We found that the abundance of bacteria did not correlate with that of AOB, unlike the abundances of total archaea and AOA. The very low abundance of AOB compared to total bacteria as obtained by qPCR may justify this lack of correlation. However, bacterial abundances determined by qPCR could be slightly biased since the numbers of ribosomes can vary among bacteria. Furthermore, the Illumina MiSeq detected shallow AOB amoA sequence reads. Only 24.59% of the filtered AOB amoA reads could merge, and more than half of the merged OTU were unclassified. Also, the sequence similarity between the identified OTU and reference AOB amoA genes varied between 75 and 100%. Each molecular method may come alone with a bias, and we cannot rule out that our AOB community composition may have been influenced by the PCR conditions or the set of primer used. However, some studies that have used the same AOB primer set (Meinhardt et al. 2015; Gao et al. 2016) have previously reported a high recovery of soil AOB composition, including clearly identified Beta-Proteobacterial genera harboring the amoA gene.
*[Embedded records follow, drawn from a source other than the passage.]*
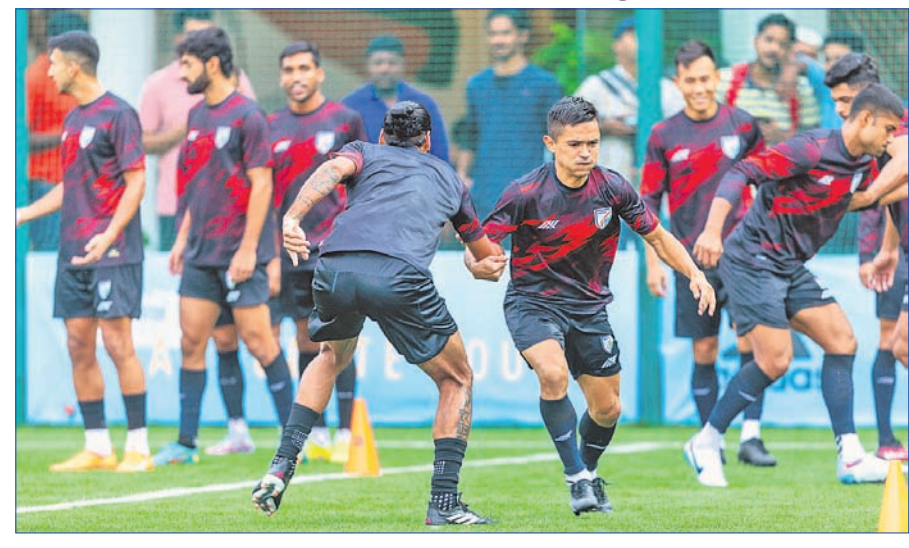
ଭାରତୀୟ ଫୁଟବଲ୍ ଦଳର ଅଭ୍ୟାସ ସେସନ।

ବେଙ୍ଗାଲୁରୁ, ୨୬ (ପି.ଟି.) କାନ୍ଥାରା ଷ୍ଟାଡିୟମରେ ଅନୁଷ୍ଠିତ ସାଏ ଚାମ୍ପିୟନଶିପ୍ ୨୦୨୩ରେ ଚୁପ୍ ଏରେ ଭାରତ ନିଜର ଅନ୍ତିମ ମ୍ୟାଚ୍ ଖେଳିବ। ମଙ୍ଗଳବାର କୁଏର୍ ବିପକ୍ଷରେ ଦଳ ଏହାର ଅନ୍ତିମ ଲିଗ୍ ମ୍ୟାଚ୍ ଖେଳିବ। ଉଭୟ ଦଳ ସେମି ଫାଇନାଲରେ ପ୍ରବେଶ କରି ସାରିଥିବା ବେଳେ ବିଜୟୀ ହୋଇ ମନସ୍ତାନ୍ଧିକ ଫାଇନା ହାସଲ ପାଇଁ ଭାରତ ପ୍ରସାସ କରିବ। ଦୁଇଟି ଲେଖାଏ ମ୍ୟାଚ୍ ଖେଳି ଉଭୟ ଦଳ ୬ ପଏଣ୍ଟ ଲେଖାଏ ଅର୍ଜନ କରିଥିବା ବେଳେ ଗୋଲ ବ୍ୟବଧାନ ଆଧାରରେ କୁଏର୍ ପ୍ରଥମ ସ୍ଥାନରେ ରହିଛି। ପାକିସ୍ତାନକୁ ୪-୦ ଓ ନେପାଳକୁ ୨-୦ରେ ପରାସ୍ତ କରିଥିଲା ଭାରତ। ଉଭୟ ମ୍ୟାଚ୍‌ରେ ଭାରତ ସହଜ ବିଜୟ ହାସଲ କରିଥିବା ବେଳେ କୁଏର୍ ବିପକ୍ଷ ମ୍ୟାଚ୍‌ରେ ଭାରତକୁ କଡା ଚ୍ୟାଲେଞ୍ଜର ସମ୍ମୁଖୀନ ହେବାକୁ ପଡିବ। ଦଳ ଅଧ୍ୟକ୍ଷ ଗୋଟିଏ ଦି ଗୋଲ ବରଣ କରି ନ ଥିବା ବେଳେ
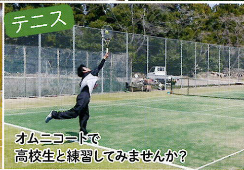
オムニコートで高校生と練習してみませんか?
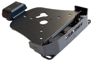
Universalhalter für Kennleuchten (Stück) (PN: 50148400850)
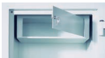
Innenfach mit Zylinderschloss (Sonderausstattung)
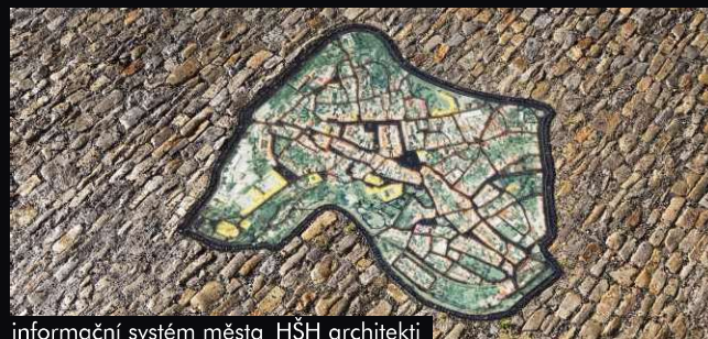
informační systém města_HŠH architekti
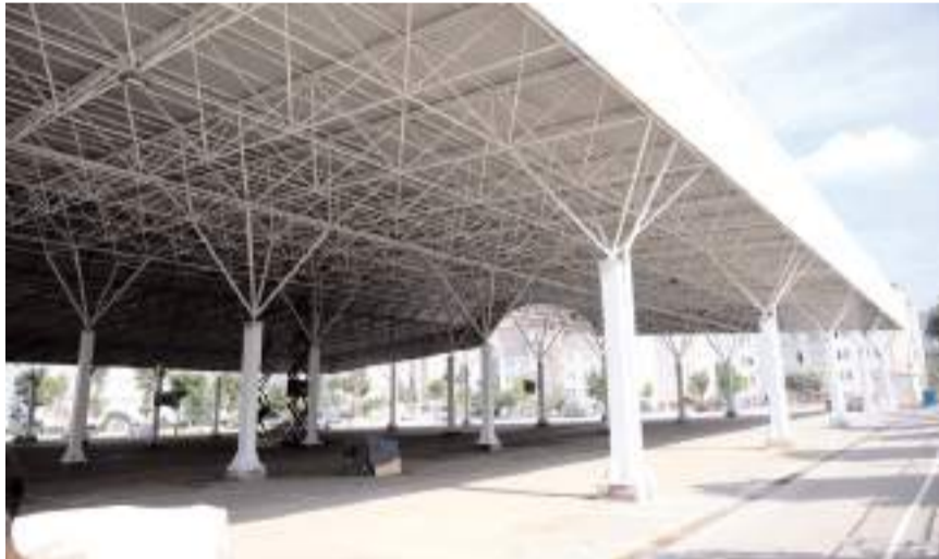
Belediye kapalı pazarlarda yenileme çalışması yapıyor.

In the present study, the sorghum genetic stock IS20205 which releases higher amounts of sorgoleone per gram of dry root showed lower diversity and less abundance of AOA in its rhizosphere than in the rhizosphere soils of the other two lines. This sorghum line developed higher root and shoot biomass compared to the medium sorgoleone-producing line IS32234 and the lower sorgoleone-producing line 296B in the early growth stage when no or little amount of N as 20 N was applied. During this period where soil N was low, the better nitrification control by IS20205 may have provided the plant with more exchangeable NH4+-N for uptake and its higher roots may allow a more efficient uptake of the formed NO3-N compared to the 2 other genetic stocks. Consequently, better uptake could lower the nutrient content in the rhizosphere of IS20205 (Table 2), thus leading to higher root development. At 2.3 months, IS20205 and IS32234 showed similar root and shoot biomass, which was significantly higher than that of 296B. The high and medium sorgoleone-producing lines may absorb soil nutrients similarily during the later growth stage. Therefore, the differences observed in potential nitrification rates and the composition of nitrifiers evidently arose from the difference in sorgoleone release. The positive effect of sorgoleone on nitrification inhibition and plant growth indicates that it does not induce the overall plant-microbial interactions negatively as it was observed in cucumber by the autotoxin metabolite p-Coumaric (Zhou et al. 2018).

Conclusion

To our knowledge, this is the first study investigating in detail the BNI function in sorghum as influenced by differences in sorgoleone release and environmental factors. It demonstrated that the concentration of sorgoleone released by sorghum roots is an active driver of soil nitrifier community composition and has a stronger influence on AOA. Sorghum plants that exude higher specific sorgoleone (μg g−1 dry root) exhibit more significant inhibition of the abundance of AOA amoA genes, slowing down soil nitrification and indirectly reducing the emission of nitrous oxide (N2O). Other environmental factors such as soil moisture, nutrient contents, and pH to a lower extent also influenced the AOA community composition and distribution, as well as that of total bacteria, total archaea, and AOB. The abundances of total bacteria, archaea, AOA, and AOB amoA genes also varied across soil depths and sorghum growth stages. Overall, the study showed that sorghum lines with higher sorgoleone-release potential have better control of soil nitrification, mainly by inhibiting the abundance of AOA amoA genes, and the subsequent biological nitrification inhibition contributed for better plant growth.